● TASK ITEM
Working from the data below, write out exactly the lines from its first through the line that contains "Figure 7 visualizes", both ends included and pictures omitted.

(Stored items from a collection)
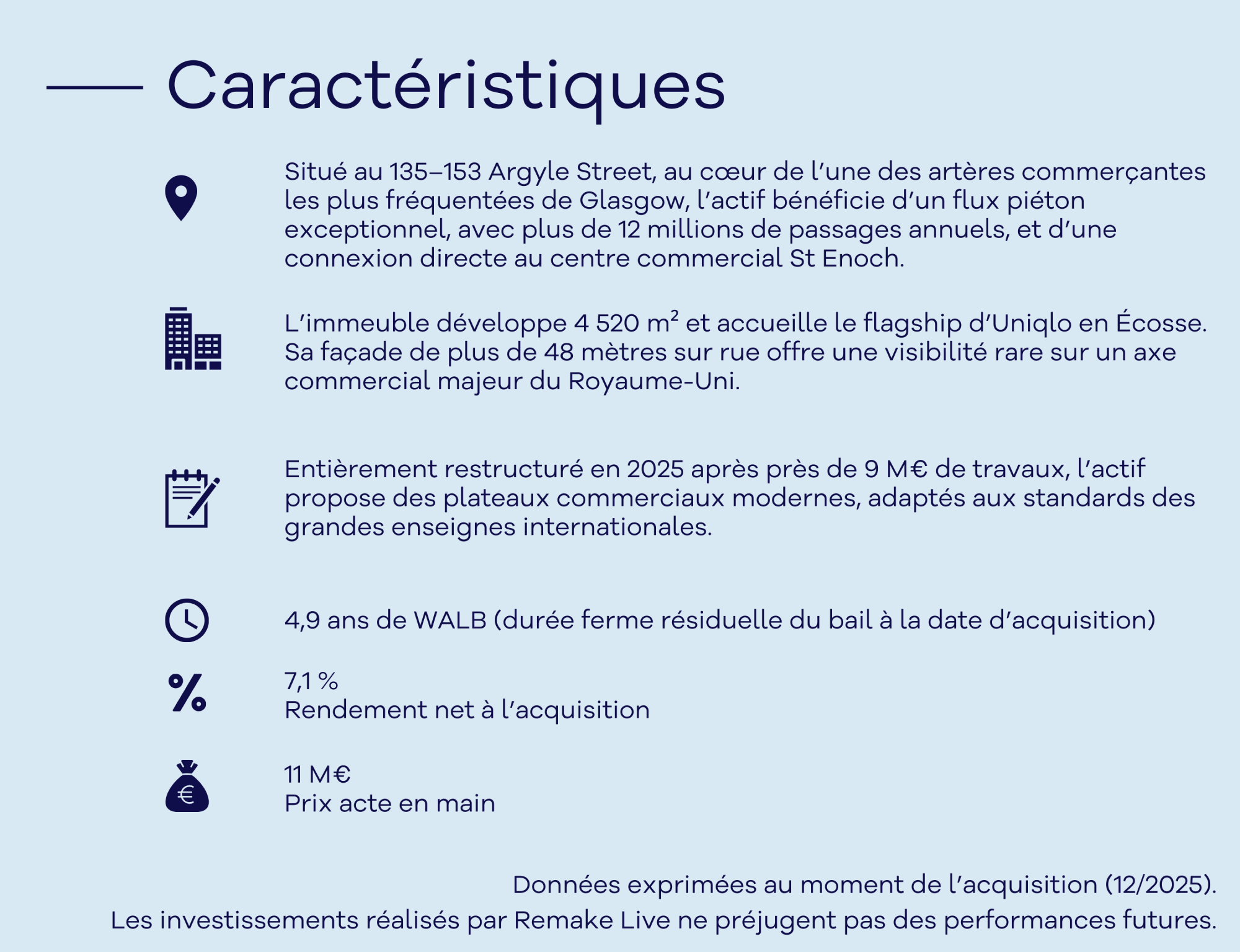 • Une occupation sécurisée par Uniqlo, qui y exploite son flagship en Écosse, avec un bail ferme et un potentiel de création de valeur sur les étages supérieurs aujourd’hui non valorisés
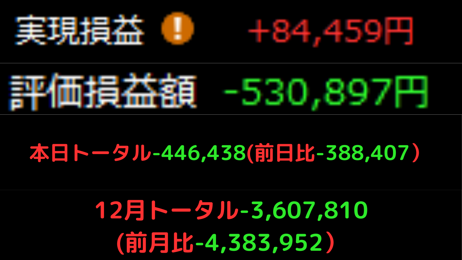 12/30 デイトレ324日目 本日トータル+8.4万…だが実態は−38万。大納会で「尻軽」に舞った代償。詳細はNoteで
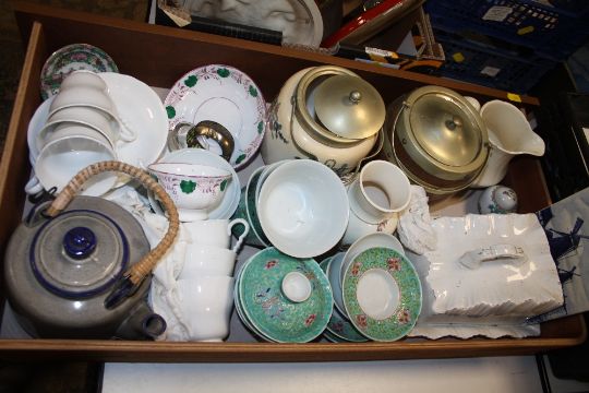 A BOX OF CERAMICS TO INCLUDE ORIENTAL EXAMPLES
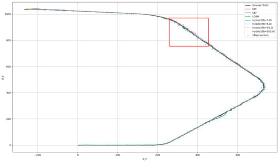 Figure 7 visualizes the ground-truth trajectory data, the observed data, and the fusion results produced by the EKF, UKF, LGBM, and hybrid approaches under varying thresholds. Although it depicts the entire trajectory, the differences among these methods are not easily distinguishable. To address this, we magnified the red-boxed region in which errors are relatively large, as shown in Figure 8. The hybrid approach at a threshold of 55.0 delivers the best performance, producing a trajectory that most closely matches the ground truth. Even where the pure LGBM and UKF methods deviate substantially from the true trajectory, the hybrid method set at a threshold of 55.0 maintains the highest accuracy.
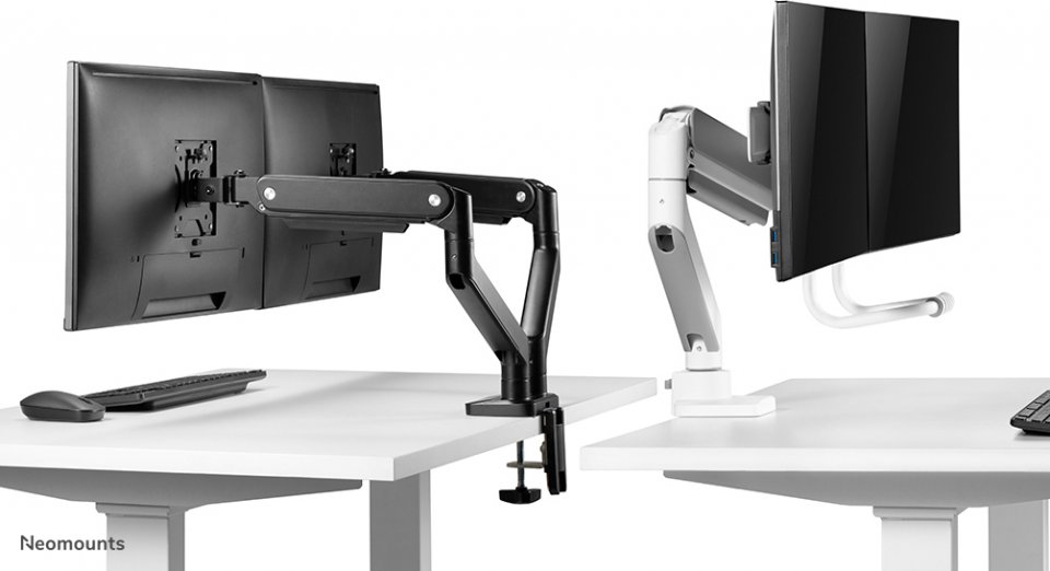 The Neomounts by Newstar DS75-450WH2 on täysin kääntyvä pöytäteline kahdelle jopa 32" näytölle, joiden enimmäispaino on 8 kg. Monipuolinen kallistus- (20°), kierto- (360°) ja kääntö (20°) -säädöt mahdollistaa telineen asettamisen mihin tahansa katselukulmaan. Lisäksi telineissä on kaasujousi korkeussäätö (27,7-56 cm) ja syvyyssäätö (0-50,5 cm), jotka mahdollistavat parhaan mahdollisen ergonomisen työasennon.
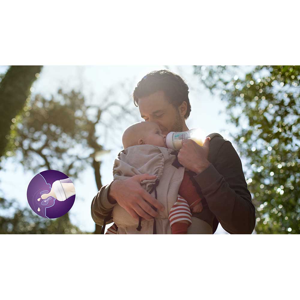 Set 2 biberoane cu dispozitiv anticolici PHILIPS AVENT Natural Response AirFree SCY670/02, flux nou-nascut, 0 luni+, 125ml, alb-verde

● SOLUTION FOR THIS TASK
 • Une occupation sécurisée par Uniqlo, qui y exploite son flagship en Écosse, avec un bail ferme et un potentiel de création de valeur sur les étages supérieurs aujourd’hui non valorisés
 12/30 デイトレ324日目 本日トータル+8.4万…だが実態は−38万。大納会で「尻軽」に舞った代償。詳細はNoteで
 A BOX OF CERAMICS TO INCLUDE ORIENTAL EXAMPLES
 Figure 7 visualizes the ground-truth trajectory data, the observed data, and the fusion results produced by the EKF, UKF, LGBM, and hybrid approaches under varying thresholds. Although it depicts the entire trajectory, the differences among these methods are not easily distinguishable. To address this, we magnified the red-boxed region in which errors are relatively large, as shown in Figure 8. The hybrid approach at a threshold of 55.0 delivers the best performance, producing a trajectory that most closely matches the ground truth. Even where the pure LGBM and UKF methods deviate substantially from the true trajectory, the hybrid method set at a threshold of 55.0 maintains the highest accuracy.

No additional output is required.